Prime Minister Imran Khan has lauded his team for successfully carrying out the Ten Billion Tree Tsunami as the UN Environment Programme acknowledged Pakistan’s lead role in ecosystem restoration.
“Proud of my team,” the prime minister said in a tweet, quoting UNEP as saying that “We are at a point in history where we need to act, and Pakistan is leading on this important effort”.
The prime minister also shared an article published on the website of Stockholm+50 – an international meeting convened by the United Nations General Assembly, the preparatory meeting of which was held on March 28 at the UN Headquarters in New York.
The article mentioned Pakistan’s contribution towards the up-gradation of the environment.
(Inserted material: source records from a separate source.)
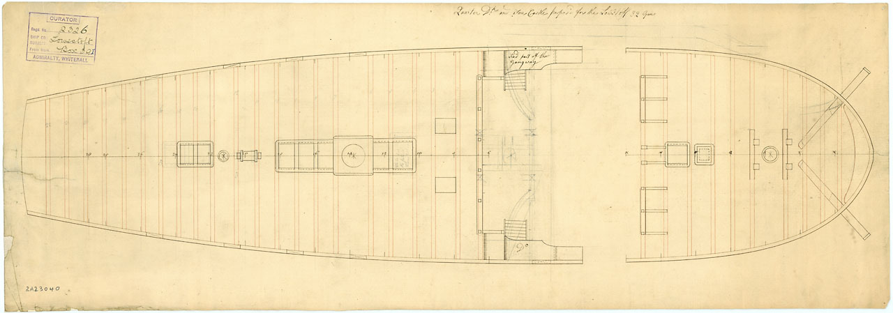 Nautilus (1762). Scale: 1:48. Plan showing the quarterdeck, forecastle, upper deck, lower deck, and fore & aft platforms proposed (and approved) for Nautilus (1762), a 16-gun Ship Sloop (originally called a 'frigate').
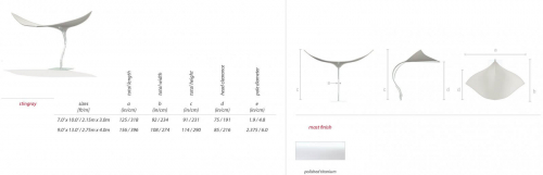 "Дизайн в движении" - это выражение лучше всего описывает последнюю инновацию TUUCI. Экспансивное крыло к крылу, рожденное в тени, ставит Stingray в отдельный класс. Благодаря сочетанию элементов из мира природы и новейших материалов морского класса, Stingray является одновременно отличительным и прочным. Вращаясь на 360 градусов вокруг своей вертикальной оси, модель создает тень в любое время дня. От мельчайших деталей его замысловатой шнуровки, оттенка эластичной ткани до полированного алюминиевого каркаса, Stingray создан на долгие годы блаженной и вдохновляющей роскоши тени.
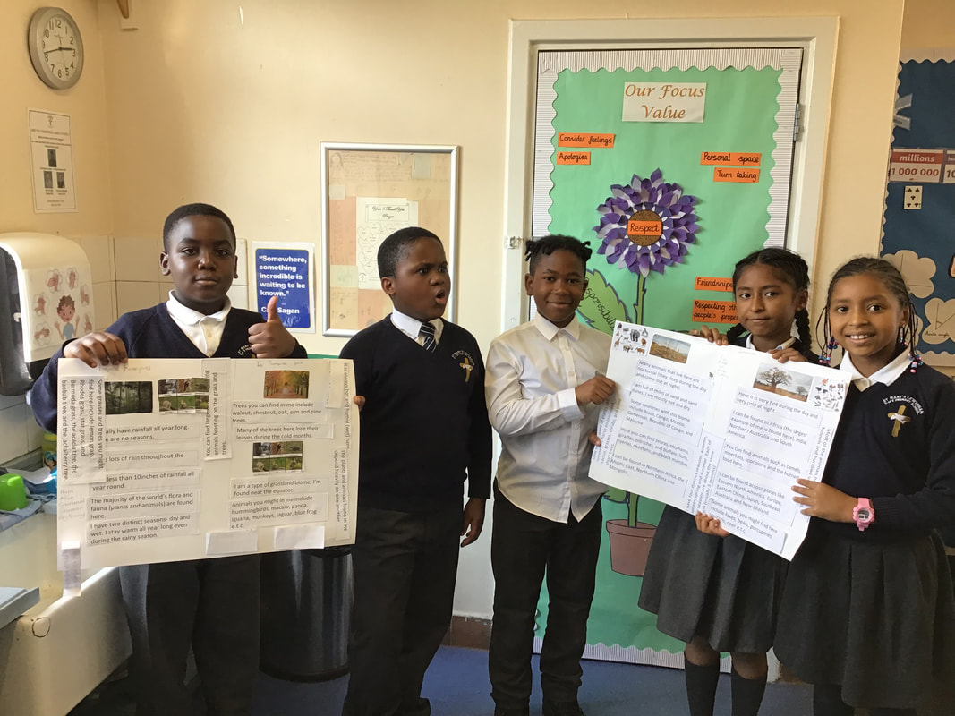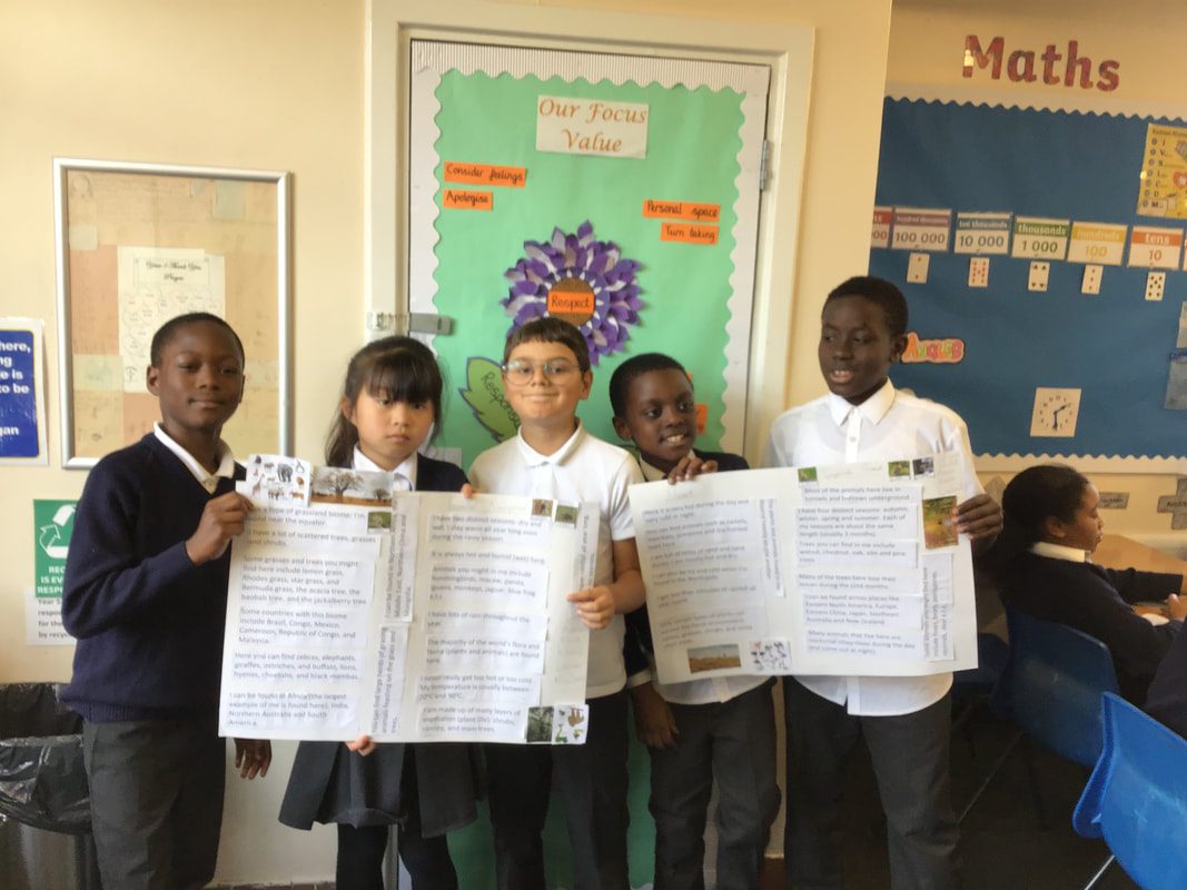 We have been learning about Biomes, their characteristics and the different fauna and flora that thrive in them. We worked in groups to sort sentence strips (which contained facts about the different biomes), animals and pictures into the right groups: Savannah, Temperate Rainforest, Tropical Rainforest and Desert.
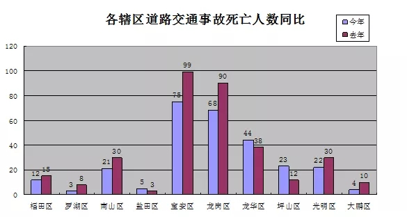 今年以来,在全市各行政区(新区)中,实现道路交通事故死亡人数下降的有7个区。其中宝安区事故死亡人数减少24人,龙岗区事故死亡人数减少22人,这两个我市传统的事故多发区事故死亡人数下降数占全市事故死亡人数下降总人数的79.31%。

“Large scale restoration initiatives such as The Ten Billion Tree Tsunami Project are central to Pakistan’s efforts to support the UN Decade and to increase ecosystem restoration,” said Dechen Tsering, UNEP’s Regional Director for Asia and the Pacific. “We are at a point in history where we need to act, and Pakistan is leading on this important effort.”The UNEP’s Inclusive Wealth Report for Pakistan, a first-of-its-kind accounting of the country’s natural, human and produced capital, said “it was promising to see the steps that the country’s government is taking to turn things around, particularly with its restoration projects”.
The ambitious project – which aims to revive forest and wildlife resources in Pakistan and bring a host of other benefits – planted 1.42 billion trees between 2019 and December 2021, covering 1.36 million acres across almost 10,000 sites.
According to a UN Development Programme (UNDP) report, Pakistan is particularly susceptible to increased variability of monsoons, receding Himalayan glaciers, and extreme events including floods and droughts. The knock-on effect of these will be an increase in food and water insecurity.